French generals noted in their memoirs that Algeria had around 1,200 tribes, indicating a complex and functional tribal order during Ottoman rule. However, this system was disrupted by the colonial regime from the beginning of the French conquest of Algeria in 1830 and the First World War. Disruption took place through physical destruction, land dispossession, and destruction of traditional authority structures, as well as the imposition of new cultural norms on indigenous populations. The French colonial empire sought to dismantle the tribal system, replacing it with douar-communes that served the colonial state. Despite these efforts, the tribal system endured but gradually lost its coercive power over individuals.

The surveys conducted during the senatus consultum of 1863 revealed significant confusion in the oral traditions of Algeria, making it challenging to distinguish between Arab and Berber groups. This difficulty stemmed from the Islamization and Arabization processes that led to numerous mythical genealogical reconstructions. Over time, the tribal system contributed to a fusion of Arab and Berber identities, with oral traditions retaining little beyond the names of prominent founding ancestors. Several reorganized themselves around influential figures, including religious leaders such as Marabouts and military leaders such as Djouad.

== Notable Algerian Arab tribes and clans ==

=== Urban Arabs (first settlements) ===
The urban Arabs constitute the first settlement of Arab tribes in the Maghreb, starting in the 7th century:

- The Banu al-Aghlab (Aghlabids) of the Banu Tamim were an Arab tribe originating from northern Arabia who came to Algeria before the Hilalian invasions.
- The Banu Ukhaidhir of the Quraysh were an Arab tribe originating from the Hejaz region that were present in Algeria since the 9th century.
- The Fihrids were aristocratic Arab family from the Quraysh clan. They settled in the Maghreb (in Cyrenaica, Ifriqiya, Biskra and al-Andalus) from the 7th century, following the conquests of Uqba ibn Nafi.
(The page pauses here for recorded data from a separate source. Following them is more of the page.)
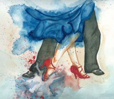 Spontanee li ekstaris kaj prenis ŝin inter siajn brakojn, amplene tiris ŝian kapon kontraŭ la sian kaj ekmoviĝis ritme, dum ŝi sekvis lin, harmonie. Senkonsile kaj senkonsole li turniĝas ĉirkaŭe, piedbatante la pecojn de la rompita disko disen en la ĉambron.
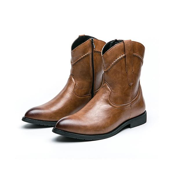 MEN'S RETRO SIDE ZIPPER POINTED LEATHER BOOTS 66084987YL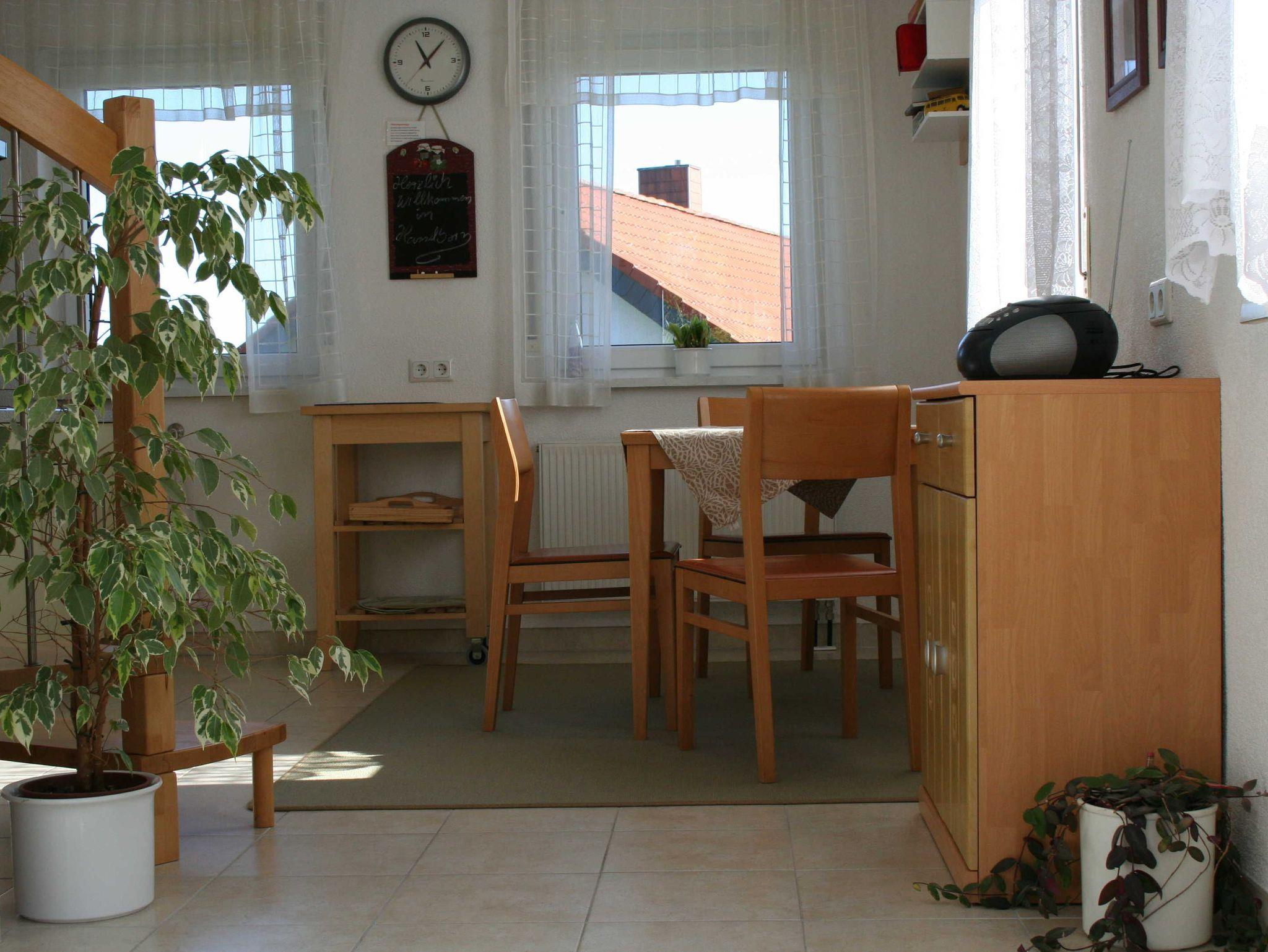 Schlafbereich 2 Einzelbetten, die man auch zusammen stellen kann, Schrank eine Sitzgruppe und ein großer 32 TFT Fernseher stehen zur Verfügung. Bettwäsche vorhanden, Küche und Haushaltsgegenstände 2-Plattenherd, Bügelbrett, Bügeleisen, Dunstabzugshaube,Spüle, Kühlschrank ohne Gefrierfach, Pad-Kaffeemaschine auf Wunsch kann auch eine Filterkaffeemaschine zur Verfügung gestellt werden, Wasserkocher und einer gemütlichen Essecke Kochzeile, Mikrowelle, Wasserkocher Bad und Sanitär Duschbad, Föhn, Handtücher vorhanden, WC, Unterhaltung und Kommunikation Empfang deutschsprachiger TV-Programme, Fernseher, Radio, SAT-Anlage, Spielesammlung, Internetzugang (WLAN)

The members of this family have particularly marked the history of the Maghreb and al-Andalus, notably Yusuf al-Fihri, Habib al-Fihri, and Abd al-Rahman al-Fihri I.
- Sharifian tribes such as the Sulaymanids and Idrisids that are descended from Banu Hashim, between the 8th and 10th centuries.

=== Bedouin Arabs (second settlements) ===
Although the first Arab migration to the Maghreb in the 7th century during the first conquests was essentially composed of settled Arab noble clans in smaller numbers, the second wave was much more substantial in that it was mainly composed of nomadic tribes.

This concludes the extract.